Description

Job Summary

Responsible for developing, sustaining, and validating processes and equipment used in the manufacture of medical device product(s) including determination of process flow, fixture/tooling development, and generation of engineering and production documentation, including work instructions and process FMEAs for both internal and supplier-based processes. Also responsible for supporting cross-functional projects related to existing and new products, as necessary, including recommended changes to specifications based on manufacturing process input.
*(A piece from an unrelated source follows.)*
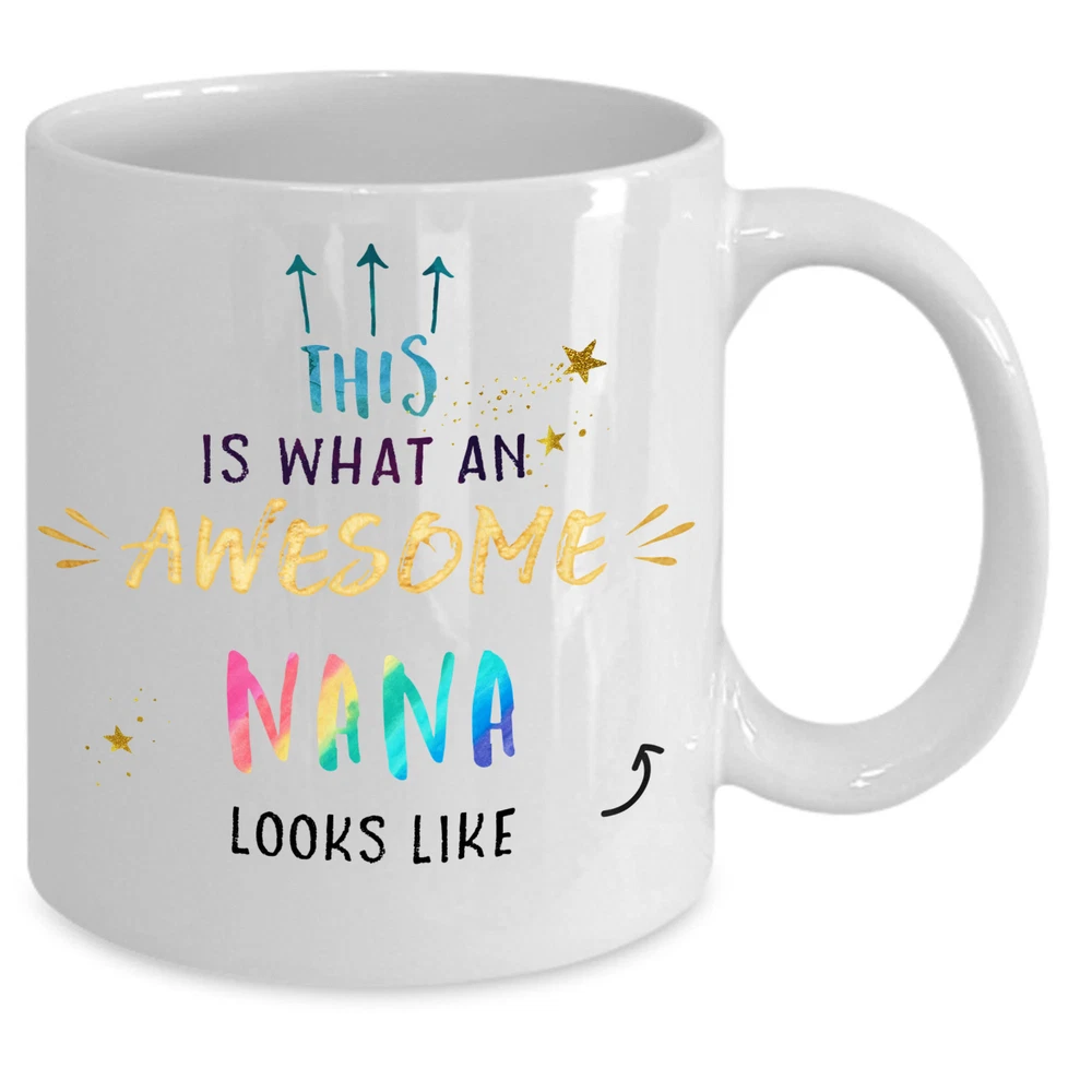 Personalized Mug For Nana Awesome Nana Mother's Day Gift Custom Mothers Day Product Details.. This high quality 11oz. ceramic white mug has a premium hard coat that provides crisp and vibrant color reproduction sure to last for years. Perfect for all hot & cold beverages. The highest quality printing possible is used. It will never fade no matter how many times you wash it. Material: 100% Ceramic. Print both sides. Dishwasher and Microwave Safe. High Gloss + Premium White Finish. Printed in the U.S.A. Personalized & Custom. We support personalized and custom mug to add custom, when placing an order, you can add notes to the "order note" in shipping address section. Also you can contact us directly via message. Shipping Info. Ready to ship in 1 to 2 business days, All products are made-to-order and proudly printed in the United States. Shipped by USPS and DHL, You will receive your order in 5-7 days. Replace & Refund. All products are defective during shipping broken, chipped will be replaced free of charge. You are not satisfied with the product, we will refund 100% money to you. If any other issues arise, please do not hesitate to message, we would be more than happy to assist you.

Will use a wide degree of creativity and latitude to accomplish varied and complicated tasks relying on experience and judgement to plan and accomplish goals.

Essential Job Functions

• Work with production facilities and vendors to develop, evaluate, document, implement and improve manufacturing processes throughout the product life cycle, including process control techniques, related fixtures and tooling, training personnel when required, and estimation of staffing requirements, production times, and relative costs to provide data for production decisions
• Develop and maintain timelines related to project tasks throughout the process development cycle or related projects
• Act as a technical liaison between the cross-functional team and the production facilities, including vendors, for new and existing products and processes
• Lead process-related risk management activities including process FMEAs, as well as support application and design FMEAs related to products
• Plan, create, and execute validations (IQ/OQ/PQ) in accordance with FDA and ISO harmonized standards including preparation of technical protocols, reports and feasibility studies
• Execute on production transfers, including production floor layout and facility planning activities (equipment spacing, utilities, etc.)
• Comply with all SOP and regulatory requirements pertaining to the development of medical device (per FDA 21 CFR part 820 and ISO 13485)
• Implement appropriate preventative maintenance plans, and coordinate calibration and preventative maintenance activities with Quality and Production departments
• Interface with quality and development engineers concerning critical aspects for inspection procedures and gages on new and existing products
• Create and maintain accurate documentation of process specifications, work instructions, tooling drawings, design concepts, shop orders, and concepts in accordance with the R&D and quality assurance functions
• Provide engineering support for production facilities, including vendors, to trouble shoot and resolve technical problems
• Attend and contribute to team meetings in conjunction with assigned projects

Qualifications

• B.S. in Mechanical Engineering, Manufacturing Engineering, Industrial Engineering, Packaging Science, or other appropriate engineering discipline
• More than 3 years of relevant experience in the medical device and/or pharmaceutical field, with a demonstrated understanding of industry requirements and regulations
• Computer literate & experienced in Microsoft Office applications
• Experience with process mapping, development, characterization, qualification/validation and capability analysis preferred
• Experience in 3D modeling and drafting; Solid Works or Solid Edge software experience preferred
• Must fit within the Safeguard Medical culture

Competencies

• Self-directed, demonstrating ownership and accountability
• Demonstrates the ability to plan, execute, control and deliver on project tasks and overall goals
• Strong written and verbal communication skills
• Team-oriented personality with the ability to influence others effectively while contributing to and maintaining a positive environment
• Enthusiastic, cooperative, and positive work behaviors essential for a collaborative work environment, including building lasting relationships with production personnel in-house and at vendors
• Excellent problem-solving skills, including experience implementing the DMAIC thought process and structured root cause analysis
• Ability to create process maps and risk documents for identification of process risks and creation of mitigation strategies
• 3D modeling and print creation, for fixture design
• Ability to independently make sound decisions with available information
• Ability to analyze data using statistical methods; MiniTab experience preferred
• Experience executing production site transfers, new product transfers to production, or facility design preferred
• LEAN Manufacturing and Six Sigma Methodology experience preferred
• Experience with sterilization and packaging validation activities preferred

Physical Requirements

Performing the duties of this job regularly involves: (1) sitting, (2) standing; (3) walking; (4) hearing/listening (5) repetitive hand movement; (15) vision requirements - close vision, adjust focus, color code

Mental Requirements

This position requires the ability to: (1) maintain an appropriate work pace; (2) comprehend and follow instructions; (3) exercise logic and reasoning; (4) organize and prioritize; (5) read; (6) compose written communication; (7) communicate verbally; (8) problem solve (9) make decisions; (10) count and compute (11) analyze and interpret data; (12) multi-task/re-direct; (13) experience numerous interruptions, (14) This position requires the ability to maintain the highest standards of professional maturity and emotional intelligence even in difficult or stressful situations.

Other Requirements

Some US and OUS travel may be necessary (<15% travel time)

Work Environment

The noise level in the work environment is usually quiet to moderate when in the office setting and may be loud when in a lab or production environment.

This job description is not designed to cover an exhaustive list of duties. Other duties may be assigned and activities may change at any time with or without notice.